By: N. Peter Kramer - Posted: Friday, September 15, 2006

The European Union is in a worrying state
The European Union is in a worrying state

The ‘NO’ votes to the Constitutional Treaty in France and The Netherlands in 2005 plunged the EU into crisis. After the defeat, President Jacques Chirac sacked his European Affairs Minister, Claudie Haignerι, and appointed his spokesperson Catherine Colonna in the vacancy.

A year later, the political malaise in Europe is still not over. Ms. Colonna shows a strongly pessimistic view of the European Union: ,The functioning of the union, and more generally the state of the union, appears worrying to me. The European Union is suffering from a sort of illness of apathy, from general fatigue, which not promises well for its future capacity to respond to the need of the European citizens’.

She said: ‘Nobody can understand why the Europeans are unable to help one another in an organised way in fighting forest fires or, something completely different, in coordinating the evacuations of their nationals from Lebanon’. These remarks of Ms. Colonna came a day after President Chirac’s criticising Europe’s foreign policy for its failure to response to the Lebanon crisis.

Three reasons for EU in malaise

The European Affairs Minister suggested three main reasons for the current situation. The first is the enlargement of the EU with the former communist countries in central and eastern Europe.
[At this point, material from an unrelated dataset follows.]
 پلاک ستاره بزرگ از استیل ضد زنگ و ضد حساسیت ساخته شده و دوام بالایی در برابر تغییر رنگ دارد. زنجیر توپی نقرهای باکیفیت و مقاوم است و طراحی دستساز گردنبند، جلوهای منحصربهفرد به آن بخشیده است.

This has ‘profoundly changed the nature of the European project’, she said, ‘but the member states continue to pretend that the same European project is being pursued, only with more countries’. She continued saying, that ‘governments badly explained the 2004 Enlargement to the public and thus it is not accepted. Let’s face it: there is uncertainty about the limits of the EU and there is resistance to future enlargement, in particular Turkey, in some countries’.

Another reason according to Catherine Colonna is the fear of the EU citizens of economic and social pressure from globalisation. ‘But’, the minister said, ‘the EU should be a space of economic and social development which offers an added efficacy on top of what the member states can offer. The EU should help citizens to make the most of globalisation and -if necessary- the EU has to be a protection for them’.
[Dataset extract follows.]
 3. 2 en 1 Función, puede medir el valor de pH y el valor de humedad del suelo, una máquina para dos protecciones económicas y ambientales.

The third reason according to Ms. Colonna is ‘the attraction deficit’ the EU is suffering from in the eyes of its citizens. There is a lack of delivery: ‘The Europe of results is in need of results’. She cited the services directive, which was first proposed in the beginning of 2004, as an example of how slow the legislative process can be.

The risk of the EU collapsing

‘Can the European Union carry on at this pace for long? Can Europe even take crucial decisions any more? There is practically no problem that arises that does not result in people turning towards Europe to see what it can do to resolve it’, the minister said before concluding: ‘We need a more fundamental start, if we are to avoid the risk of the European Union collapsing’.

Her warning came just a day after President Chirac told, that ‘the future of the European project is predicated on Europe’s ability to be a leading political player’.